L’absence de prévention contre la COVID-19 : les sanctions

Des sanctions ont été définies pour les entreprises ne respectant pas les mesures de prévention imposées pour lutter contre la COVID-19. En effet, ces dernières peuvent désormais être sanctionnées d’une amende allant jusqu’à 500 € par salarié.

L’obligation de sécurité de l’employeur

Dans le cadre de l’application du Code du travail, les employeurs sont obligés d’assurer la sécurité de leurs employés. Il en va de même pour la santé mentale de ces derniers.

D’ailleurs, les actions de prévention pour assurer la sécurité des salariés doivent être listées dans le document unique d’évaluation des risques professionnels (DUERP).
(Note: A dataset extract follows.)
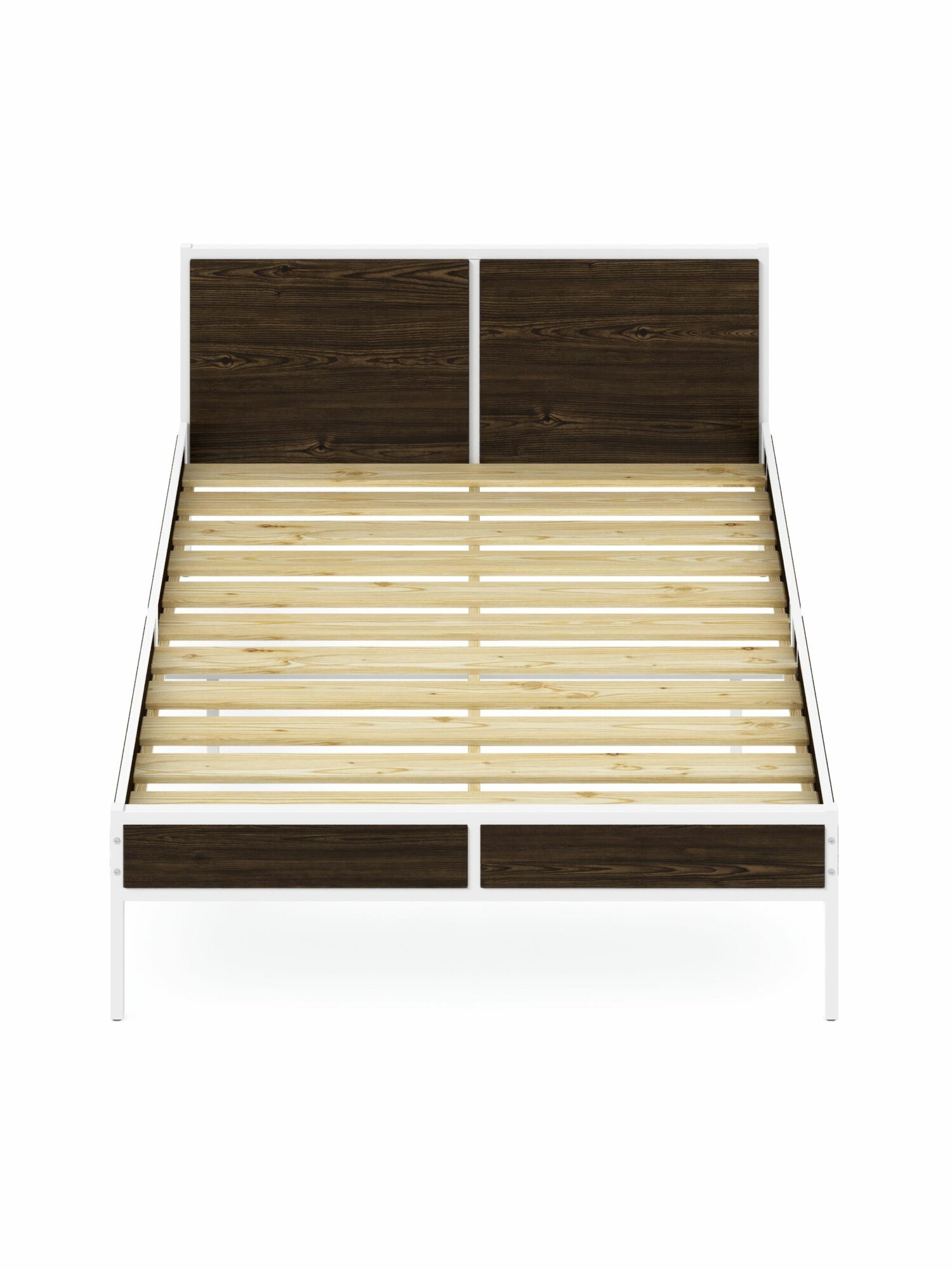 Кровать двуспальная Лофт с реечным основанием, цвет темного дуба с белым металлическим каркасом, 120х200 см

Ce document a fait l’objet de mises à jour qui entreront en vigueur le 31 mars prochain.

Par ailleurs, des mesures spécifiques de lutte contre la propagation de la COVID-19 en entreprise sont mises en place.

L’employeur peut les retrouver dans le « Protocole national pour assurer la santé et la sécurité des salariés en entreprise face à l’épidémie de COVID-19 ».

D’abord, une mise en demeure

L’inspection du travail peut relever une situation dangereuse résultant d’un risque d’exposition à la COVID dans l’entreprise. Cette situation est causée par le non-respect des principes généraux de prévention par l’employeur.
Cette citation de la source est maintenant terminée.